[[ SUPPLIED MATERIAL, beginning ]]

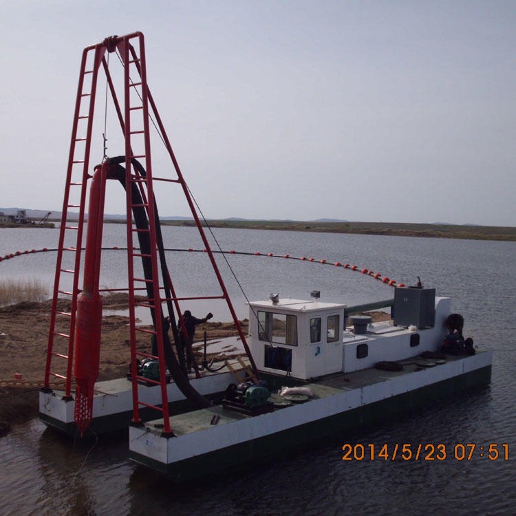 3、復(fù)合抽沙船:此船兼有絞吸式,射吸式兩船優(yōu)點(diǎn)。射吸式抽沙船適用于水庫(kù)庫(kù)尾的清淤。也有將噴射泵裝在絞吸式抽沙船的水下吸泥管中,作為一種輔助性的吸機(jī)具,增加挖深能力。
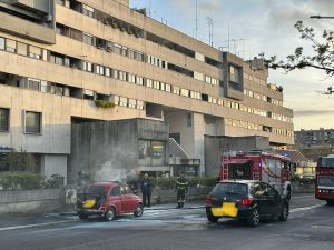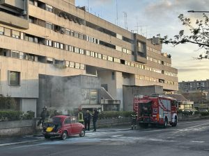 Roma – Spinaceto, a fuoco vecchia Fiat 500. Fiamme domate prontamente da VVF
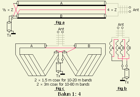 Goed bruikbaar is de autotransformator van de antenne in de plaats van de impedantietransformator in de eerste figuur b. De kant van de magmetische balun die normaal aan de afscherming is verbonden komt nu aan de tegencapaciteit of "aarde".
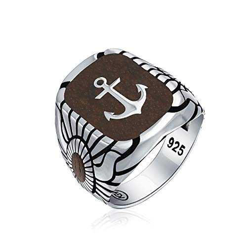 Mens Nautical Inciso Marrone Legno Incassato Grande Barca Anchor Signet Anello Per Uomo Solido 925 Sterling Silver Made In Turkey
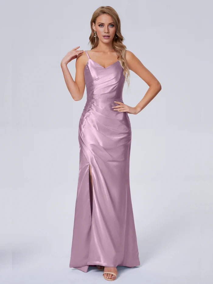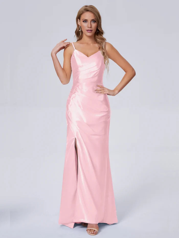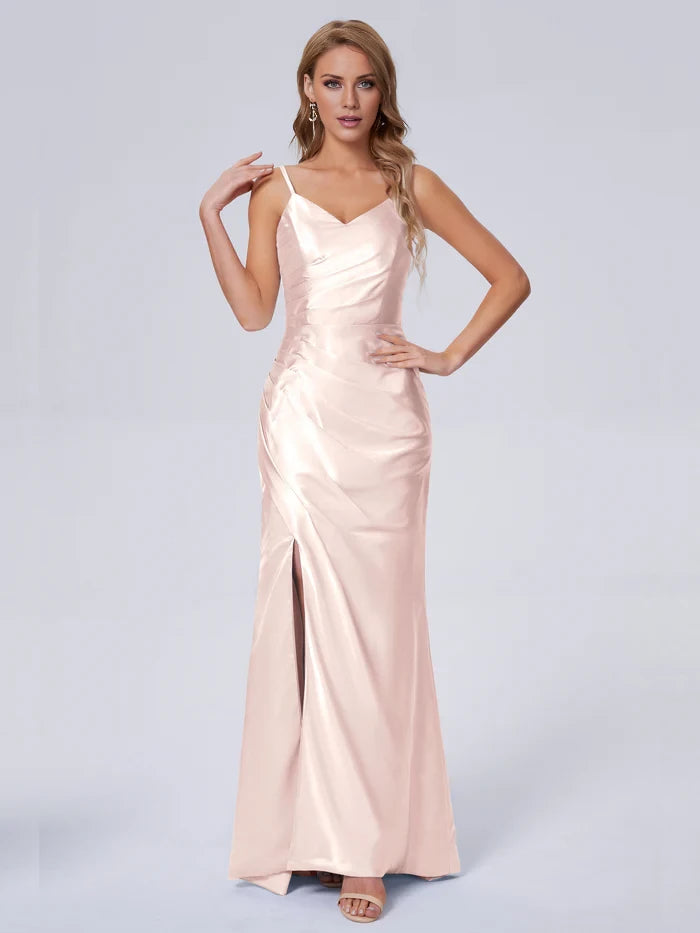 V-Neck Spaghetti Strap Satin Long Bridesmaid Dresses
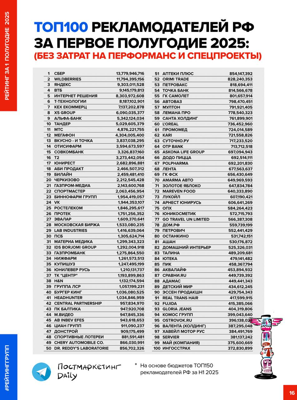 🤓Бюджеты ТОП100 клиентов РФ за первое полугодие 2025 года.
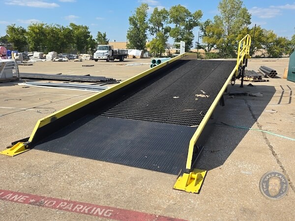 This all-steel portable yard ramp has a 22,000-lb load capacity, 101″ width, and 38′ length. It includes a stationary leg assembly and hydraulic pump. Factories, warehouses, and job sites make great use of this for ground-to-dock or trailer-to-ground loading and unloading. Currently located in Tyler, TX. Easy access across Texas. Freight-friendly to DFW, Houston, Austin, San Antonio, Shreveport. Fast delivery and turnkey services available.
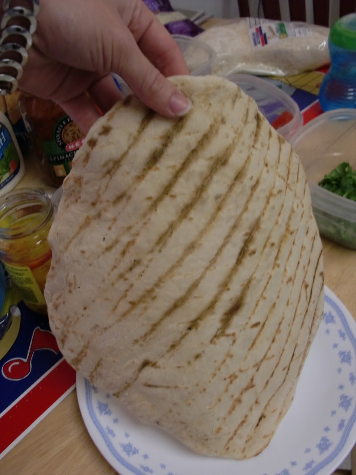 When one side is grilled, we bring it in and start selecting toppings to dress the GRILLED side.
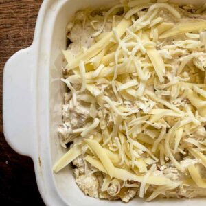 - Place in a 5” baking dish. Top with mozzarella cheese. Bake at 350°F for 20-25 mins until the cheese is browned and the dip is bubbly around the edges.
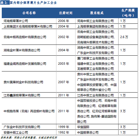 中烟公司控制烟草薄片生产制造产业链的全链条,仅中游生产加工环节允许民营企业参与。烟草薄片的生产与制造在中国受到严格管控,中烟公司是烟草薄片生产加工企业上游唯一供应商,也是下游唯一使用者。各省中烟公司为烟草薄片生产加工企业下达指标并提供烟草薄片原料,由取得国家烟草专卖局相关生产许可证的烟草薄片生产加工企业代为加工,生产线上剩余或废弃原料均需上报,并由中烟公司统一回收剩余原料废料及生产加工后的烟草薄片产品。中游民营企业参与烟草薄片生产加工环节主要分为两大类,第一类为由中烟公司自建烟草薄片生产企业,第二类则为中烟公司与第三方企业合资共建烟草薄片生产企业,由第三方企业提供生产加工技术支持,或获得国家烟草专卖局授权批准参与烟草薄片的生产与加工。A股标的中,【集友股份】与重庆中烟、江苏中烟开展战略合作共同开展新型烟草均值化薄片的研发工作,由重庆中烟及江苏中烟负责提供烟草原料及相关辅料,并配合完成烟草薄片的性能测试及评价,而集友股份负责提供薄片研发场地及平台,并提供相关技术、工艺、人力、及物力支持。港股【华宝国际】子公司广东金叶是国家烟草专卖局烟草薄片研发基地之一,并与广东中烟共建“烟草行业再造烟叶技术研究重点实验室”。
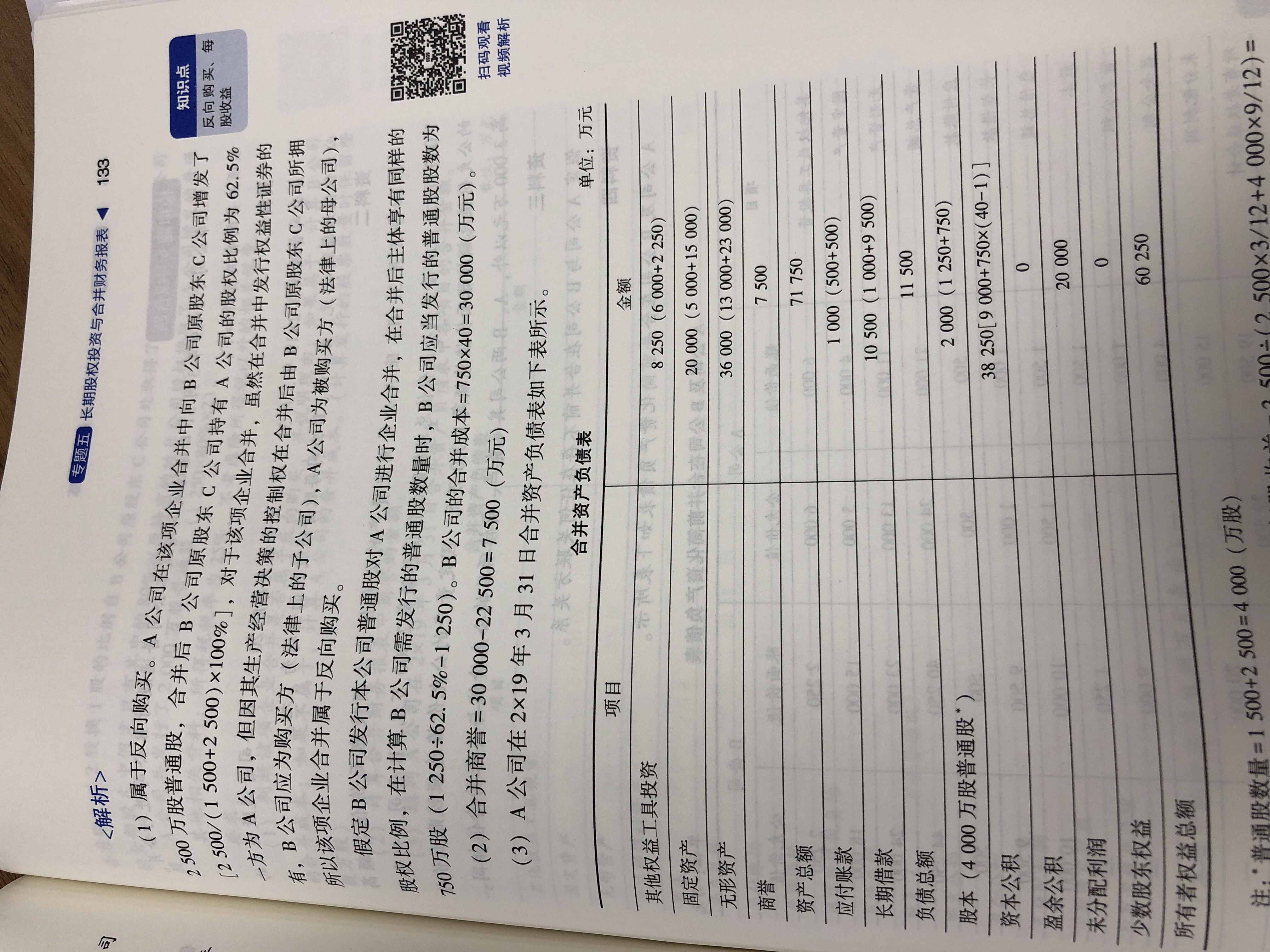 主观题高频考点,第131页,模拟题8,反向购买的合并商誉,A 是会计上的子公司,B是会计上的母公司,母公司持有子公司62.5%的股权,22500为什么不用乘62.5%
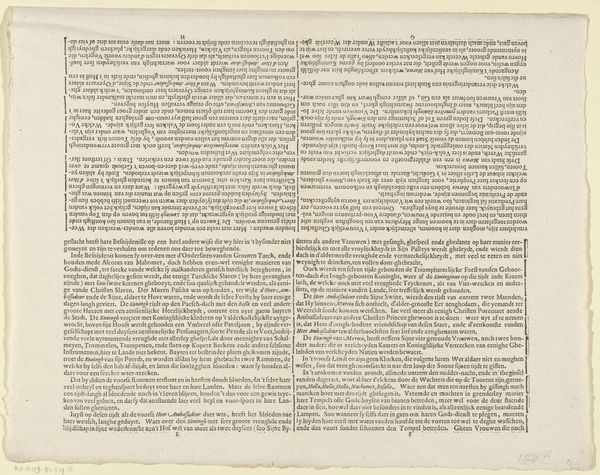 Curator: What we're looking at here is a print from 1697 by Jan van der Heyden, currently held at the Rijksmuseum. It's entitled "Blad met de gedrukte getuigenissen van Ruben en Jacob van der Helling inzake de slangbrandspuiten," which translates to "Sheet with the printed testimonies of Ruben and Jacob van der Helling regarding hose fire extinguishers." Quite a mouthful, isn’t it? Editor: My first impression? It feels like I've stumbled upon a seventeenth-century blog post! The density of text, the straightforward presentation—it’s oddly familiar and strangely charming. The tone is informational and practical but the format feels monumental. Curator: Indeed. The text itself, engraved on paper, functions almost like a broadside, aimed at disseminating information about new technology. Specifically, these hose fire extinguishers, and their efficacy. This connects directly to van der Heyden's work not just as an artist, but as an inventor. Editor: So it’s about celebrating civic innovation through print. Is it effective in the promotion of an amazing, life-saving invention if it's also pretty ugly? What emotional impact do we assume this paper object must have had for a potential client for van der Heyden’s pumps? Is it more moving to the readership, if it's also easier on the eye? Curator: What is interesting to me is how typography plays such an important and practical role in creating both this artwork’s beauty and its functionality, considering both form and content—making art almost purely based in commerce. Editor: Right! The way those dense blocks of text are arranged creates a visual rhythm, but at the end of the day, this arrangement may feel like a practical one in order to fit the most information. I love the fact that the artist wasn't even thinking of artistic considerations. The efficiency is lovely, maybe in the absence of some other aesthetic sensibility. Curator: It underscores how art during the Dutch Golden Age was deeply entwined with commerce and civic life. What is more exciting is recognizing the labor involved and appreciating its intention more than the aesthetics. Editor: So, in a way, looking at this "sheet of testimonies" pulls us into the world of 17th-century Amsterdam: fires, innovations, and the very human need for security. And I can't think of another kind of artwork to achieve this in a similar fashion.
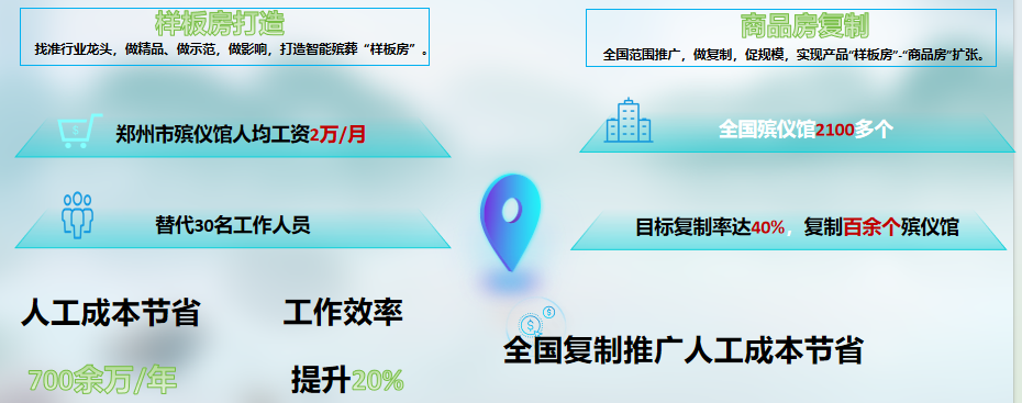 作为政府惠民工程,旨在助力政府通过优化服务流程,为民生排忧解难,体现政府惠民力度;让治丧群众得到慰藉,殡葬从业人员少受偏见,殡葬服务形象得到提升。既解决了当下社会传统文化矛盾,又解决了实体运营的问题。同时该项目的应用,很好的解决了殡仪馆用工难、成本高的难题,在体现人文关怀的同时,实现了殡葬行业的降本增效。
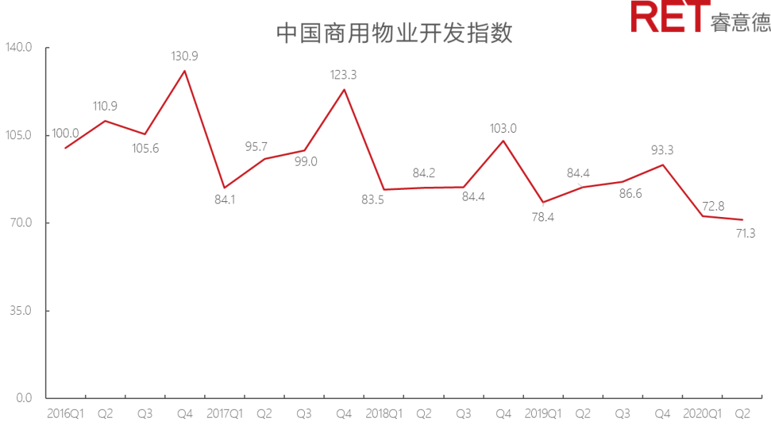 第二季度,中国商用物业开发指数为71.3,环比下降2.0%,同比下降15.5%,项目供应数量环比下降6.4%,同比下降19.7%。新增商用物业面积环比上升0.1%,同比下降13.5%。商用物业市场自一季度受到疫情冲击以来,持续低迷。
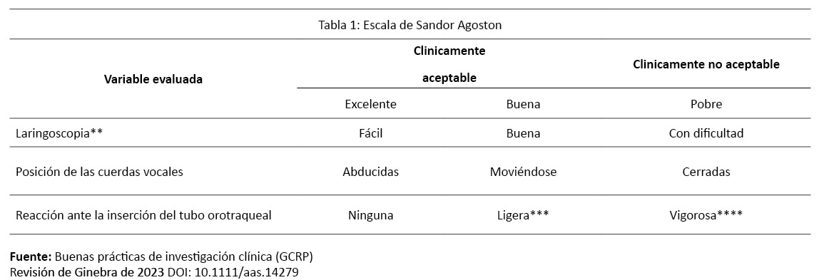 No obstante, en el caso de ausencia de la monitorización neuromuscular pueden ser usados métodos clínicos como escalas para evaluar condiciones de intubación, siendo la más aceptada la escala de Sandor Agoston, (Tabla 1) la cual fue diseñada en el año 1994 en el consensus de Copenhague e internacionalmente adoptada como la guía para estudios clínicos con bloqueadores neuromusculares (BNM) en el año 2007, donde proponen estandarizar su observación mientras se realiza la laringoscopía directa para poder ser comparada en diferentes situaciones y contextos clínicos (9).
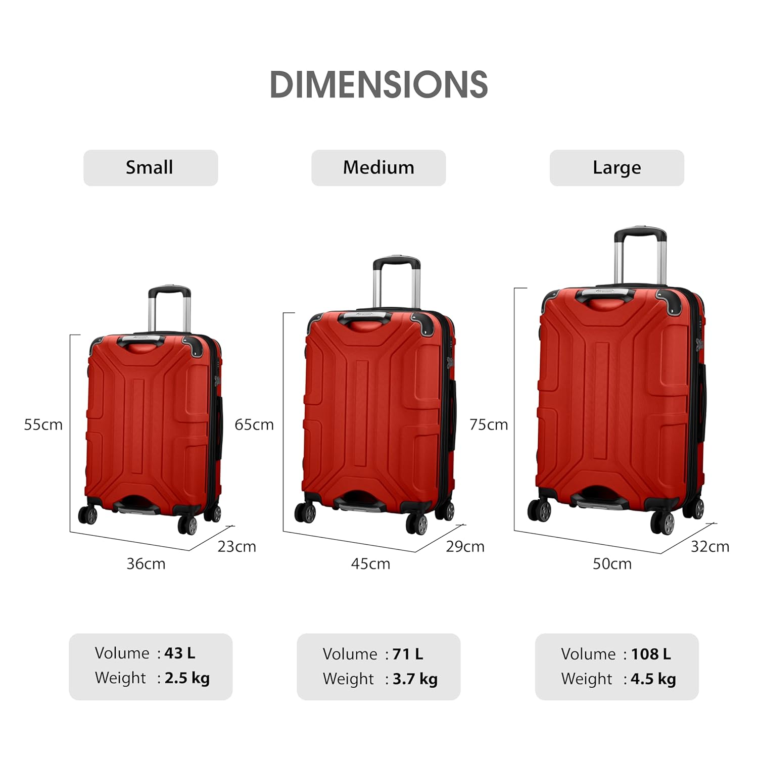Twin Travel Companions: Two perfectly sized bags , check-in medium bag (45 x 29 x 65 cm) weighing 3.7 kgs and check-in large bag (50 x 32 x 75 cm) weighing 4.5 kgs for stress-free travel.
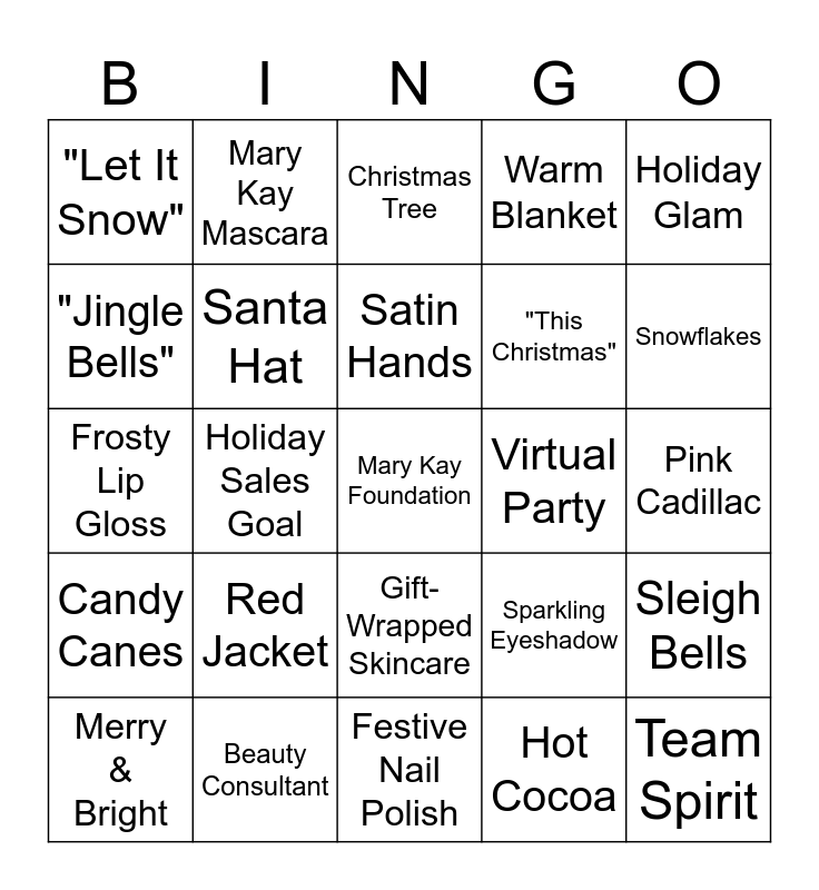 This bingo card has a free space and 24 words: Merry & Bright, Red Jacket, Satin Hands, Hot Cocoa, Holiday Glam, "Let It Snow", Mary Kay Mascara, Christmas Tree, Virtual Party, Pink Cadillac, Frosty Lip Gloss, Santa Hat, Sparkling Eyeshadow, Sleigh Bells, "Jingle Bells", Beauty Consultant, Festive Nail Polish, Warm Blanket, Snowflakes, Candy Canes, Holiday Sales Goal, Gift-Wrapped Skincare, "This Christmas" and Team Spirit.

[[ SUPPLIED MATERIAL, end ]]

### PROBLEM REQUIREMENTS
Write every entry again exactly as given, skipping the pictures.

### SOLUTION
 3、復(fù)合抽沙船:此船兼有絞吸式,射吸式兩船優(yōu)點(diǎn)。射吸式抽沙船適用于水庫(kù)庫(kù)尾的清淤。也有將噴射泵裝在絞吸式抽沙船的水下吸泥管中,作為一種輔助性的吸機(jī)具,增加挖深能力。
 Roma – Spinaceto, a fuoco vecchia Fiat 500. Fiamme domate prontamente da VVF
 Goed bruikbaar is de autotransformator van de antenne in de plaats van de impedantietransformator in de eerste figuur b. De kant van de magmetische balun die normaal aan de afscherming is verbonden komt nu aan de tegencapaciteit of "aarde".
 Mens Nautical Inciso Marrone Legno Incassato Grande Barca Anchor Signet Anello Per Uomo Solido 925 Sterling Silver Made In Turkey
 V-Neck Spaghetti Strap Satin Long Bridesmaid Dresses
 🤓Бюджеты ТОП100 клиентов РФ за первое полугодие 2025 года.
 This all-steel portable yard ramp has a 22,000-lb load capacity, 101″ width, and 38′ length. It includes a stationary leg assembly and hydraulic pump. Factories, warehouses, and job sites make great use of this for ground-to-dock or trailer-to-ground loading and unloading. Currently located in Tyler, TX. Easy access across Texas. Freight-friendly to DFW, Houston, Austin, San Antonio, Shreveport. Fast delivery and turnkey services available.
 When one side is grilled, we bring it in and start selecting toppings to dress the GRILLED side.
 - Place in a 5” baking dish. Top with mozzarella cheese. Bake at 350°F for 20-25 mins until the cheese is browned and the dip is bubbly around the edges.
 中烟公司控制烟草薄片生产制造产业链的全链条,仅中游生产加工环节允许民营企业参与。烟草薄片的生产与制造在中国受到严格管控,中烟公司是烟草薄片生产加工企业上游唯一供应商,也是下游唯一使用者。各省中烟公司为烟草薄片生产加工企业下达指标并提供烟草薄片原料,由取得国家烟草专卖局相关生产许可证的烟草薄片生产加工企业代为加工,生产线上剩余或废弃原料均需上报,并由中烟公司统一回收剩余原料废料及生产加工后的烟草薄片产品。中游民营企业参与烟草薄片生产加工环节主要分为两大类,第一类为由中烟公司自建烟草薄片生产企业,第二类则为中烟公司与第三方企业合资共建烟草薄片生产企业,由第三方企业提供生产加工技术支持,或获得国家烟草专卖局授权批准参与烟草薄片的生产与加工。A股标的中,【集友股份】与重庆中烟、江苏中烟开展战略合作共同开展新型烟草均值化薄片的研发工作,由重庆中烟及江苏中烟负责提供烟草原料及相关辅料,并配合完成烟草薄片的性能测试及评价,而集友股份负责提供薄片研发场地及平台,并提供相关技术、工艺、人力、及物力支持。港股【华宝国际】子公司广东金叶是国家烟草专卖局烟草薄片研发基地之一,并与广东中烟共建“烟草行业再造烟叶技术研究重点实验室”。
 主观题高频考点,第131页,模拟题8,反向购买的合并商誉,A 是会计上的子公司,B是会计上的母公司,母公司持有子公司62.5%的股权,22500为什么不用乘62.5%
 Curator: What we're looking at here is a print from 1697 by Jan van der Heyden, currently held at the Rijksmuseum. It's entitled "Blad met de gedrukte getuigenissen van Ruben en Jacob van der Helling inzake de slangbrandspuiten," which translates to "Sheet with the printed testimonies of Ruben and Jacob van der Helling regarding hose fire extinguishers." Quite a mouthful, isn’t it? Editor: My first impression? It feels like I've stumbled upon a seventeenth-century blog post! The density of text, the straightforward presentation—it’s oddly familiar and strangely charming. The tone is informational and practical but the format feels monumental. Curator: Indeed. The text itself, engraved on paper, functions almost like a broadside, aimed at disseminating information about new technology. Specifically, these hose fire extinguishers, and their efficacy. This connects directly to van der Heyden's work not just as an artist, but as an inventor. Editor: So it’s about celebrating civic innovation through print. Is it effective in the promotion of an amazing, life-saving invention if it's also pretty ugly? What emotional impact do we assume this paper object must have had for a potential client for van der Heyden’s pumps? Is it more moving to the readership, if it's also easier on the eye? Curator: What is interesting to me is how typography plays such an important and practical role in creating both this artwork’s beauty and its functionality, considering both form and content—making art almost purely based in commerce. Editor: Right! The way those dense blocks of text are arranged creates a visual rhythm, but at the end of the day, this arrangement may feel like a practical one in order to fit the most information. I love the fact that the artist wasn't even thinking of artistic considerations. The efficiency is lovely, maybe in the absence of some other aesthetic sensibility. Curator: It underscores how art during the Dutch Golden Age was deeply entwined with commerce and civic life. What is more exciting is recognizing the labor involved and appreciating its intention more than the aesthetics. Editor: So, in a way, looking at this "sheet of testimonies" pulls us into the world of 17th-century Amsterdam: fires, innovations, and the very human need for security. And I can't think of another kind of artwork to achieve this in a similar fashion.
 作为政府惠民工程,旨在助力政府通过优化服务流程,为民生排忧解难,体现政府惠民力度;让治丧群众得到慰藉,殡葬从业人员少受偏见,殡葬服务形象得到提升。既解决了当下社会传统文化矛盾,又解决了实体运营的问题。同时该项目的应用,很好的解决了殡仪馆用工难、成本高的难题,在体现人文关怀的同时,实现了殡葬行业的降本增效。
 第二季度,中国商用物业开发指数为71.3,环比下降2.0%,同比下降15.5%,项目供应数量环比下降6.4%,同比下降19.7%。新增商用物业面积环比上升0.1%,同比下降13.5%。商用物业市场自一季度受到疫情冲击以来,持续低迷。
 No obstante, en el caso de ausencia de la monitorización neuromuscular pueden ser usados métodos clínicos como escalas para evaluar condiciones de intubación, siendo la más aceptada la escala de Sandor Agoston, (Tabla 1) la cual fue diseñada en el año 1994 en el consensus de Copenhague e internacionalmente adoptada como la guía para estudios clínicos con bloqueadores neuromusculares (BNM) en el año 2007, donde proponen estandarizar su observación mientras se realiza la laringoscopía directa para poder ser comparada en diferentes situaciones y contextos clínicos (9).
Twin Travel Companions: Two perfectly sized bags , check-in medium bag (45 x 29 x 65 cm) weighing 3.7 kgs and check-in large bag (50 x 32 x 75 cm) weighing 4.5 kgs for stress-free travel.
 This bingo card has a free space and 24 words: Merry & Bright, Red Jacket, Satin Hands, Hot Cocoa, Holiday Glam, "Let It Snow", Mary Kay Mascara, Christmas Tree, Virtual Party, Pink Cadillac, Frosty Lip Gloss, Santa Hat, Sparkling Eyeshadow, Sleigh Bells, "Jingle Bells", Beauty Consultant, Festive Nail Polish, Warm Blanket, Snowflakes, Candy Canes, Holiday Sales Goal, Gift-Wrapped Skincare, "This Christmas" and Team Spirit.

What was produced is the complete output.